Despite that, I thought it was really fun!!! I loved learning more about my mentees, we already have plans to hang out next week outside of Bites and such. Some of the highlights include: figuring out a superhero name, meeting my supervisor in person, the entire scavenger hunt itself (and when Will thought that Missy Elliot was Billie Holiday from the scavenger hunt clues), mind-mapping, working at the Fast Forward U space and eating lunch / sharing space with new people, holding a leadership role and hearing how excited and deeply the mentees were thinking about their experiences, the speech by Rev. Brown, and so much more. It makes me really excited for the rest of the summer with the other peer mentors, with my placement, and to see the impact that we all make together.

Photo of Lily Sheth, smiling Lily Sheth | Neighborhood Housing Services of Baltimore

Going into orientation, I had no idea what to expect. I applied to CIIP on a whim based on the Life Design Lab’s recommendation without knowing much about the program or anyone who had previously participated. I wanted to continue living in Baltimore this summer and have the opportunity to get out of the “Hopkins Bubble”, as well as explore the issues of urban housing and transportation. The Hopkins-sponsored CIIP seemed like the perfect way to achieve these goals without pushing myself too far outside of my comfort zone.

Wow, was I wrong. From the very first day of orientation, I was pushed out of my comfort zone in almost every way to gain a deeper understanding of myself, my community, and the city of Baltimore, and how all three interact through the lens of my identities, privileges, and goals. Through conversations with guest speakers, peer mentors, and the cohort, I began to unpack my reasons for applying to CIIP: why I feel so strongly about living in Baltimore, the systems that created and maintain the “Hopkins Bubble”, and the resilience and strength of Baltimore communities experiencing disinvestment and racism.
Jessa Wais’ talk about the complex relationship between Hopkins and Baltimore was especially transformative for me and helped me gain perspective on the work that I have been and will be doing throughout this summer and beyond. I was drawn to Baltimore because of Hopkins and the opportunities it allows me as a student-athlete, a scholar of public health, a researcher, and an independent daughter seeking a new environment. However, Jessa eloquently pointed out that the opportunities that I have the privilege to enjoy as a white, upper-middle class, cisgender woman have come at the expense of the reasons I want to stay in Baltimore: its many neighborhoods, complicated history, small-town feel, and beauty. This realization led to guilt over my own privilege and made me question if I am the “right” person to be serving Baltimore communities.

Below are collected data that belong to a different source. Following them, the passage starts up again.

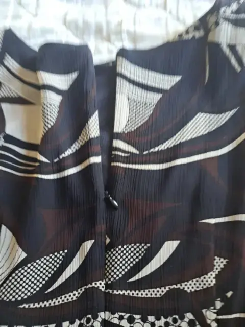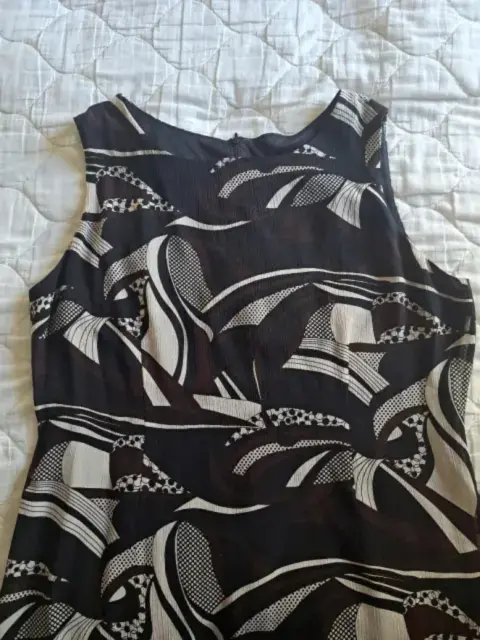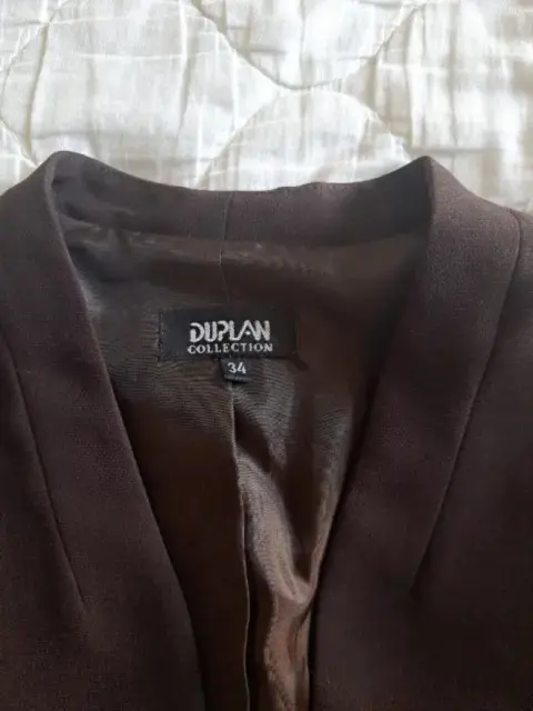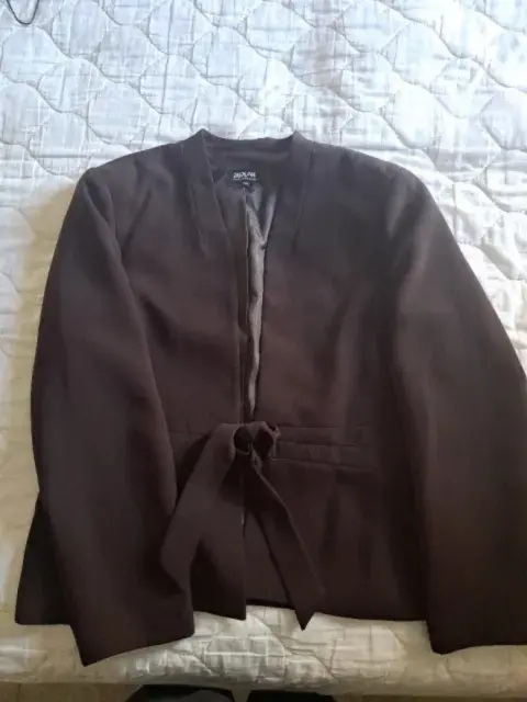 Co junto para dama de 2 piezas en color café, el saco cuenta con forro y es talla 34, este se cierra con cintas que trae a los costados, el vestido es café con estampado en beige y negro, tiene cierre y es sin manga, en la parte inferior cuenta con olanes, ideal para reunión.
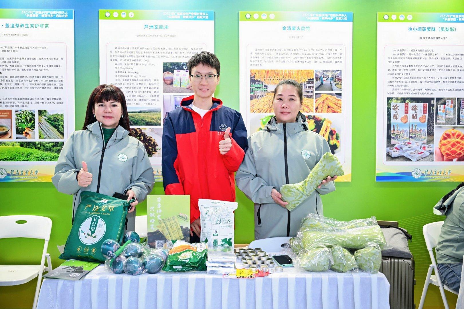 启动仪式前,会场外的“头雁”教学成果展与产品展示会已热闹启幕,成为本次活动的一大亮点。展区内分设四大板块,全方位呈现“头雁”项目培育成效与乡村产业活力。产品展示区里,来自三校学员的特色农产品琳琅满目,涵盖南药、丝苗米、油柑深加工产品、茶叶等各类优质成果,既展现了学员的产业实践成果,也为供需对接搭建了现场平台。
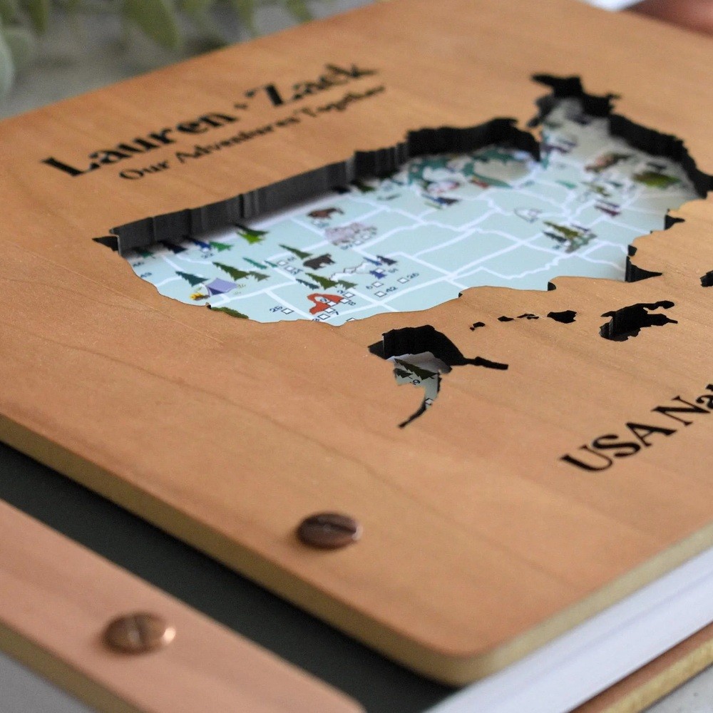 Personalized Wooden Travel Map Adventure Book Scrapbook Couples Travel Album Anniversary Gift Valentines Gift Christmas Gift

While this guilt has not subsided, the folks from the CSC, Theatre Action Group, CIIP alumni, and Rev Brown were integral in helping me reframe passive feelings of guilt into intentional, thoughtful action this summer. There is no “right” person to be embarking on community work. Everyone has some type of privilege over others, some advantage– that is what makes us unique. The trick is to not let that privilege freeze us into inaction out of a fear of not belonging or making a mistake. We must leverage our privilege and our strengths to question our motivations, our position in our communities, and ultimately enact systematic change.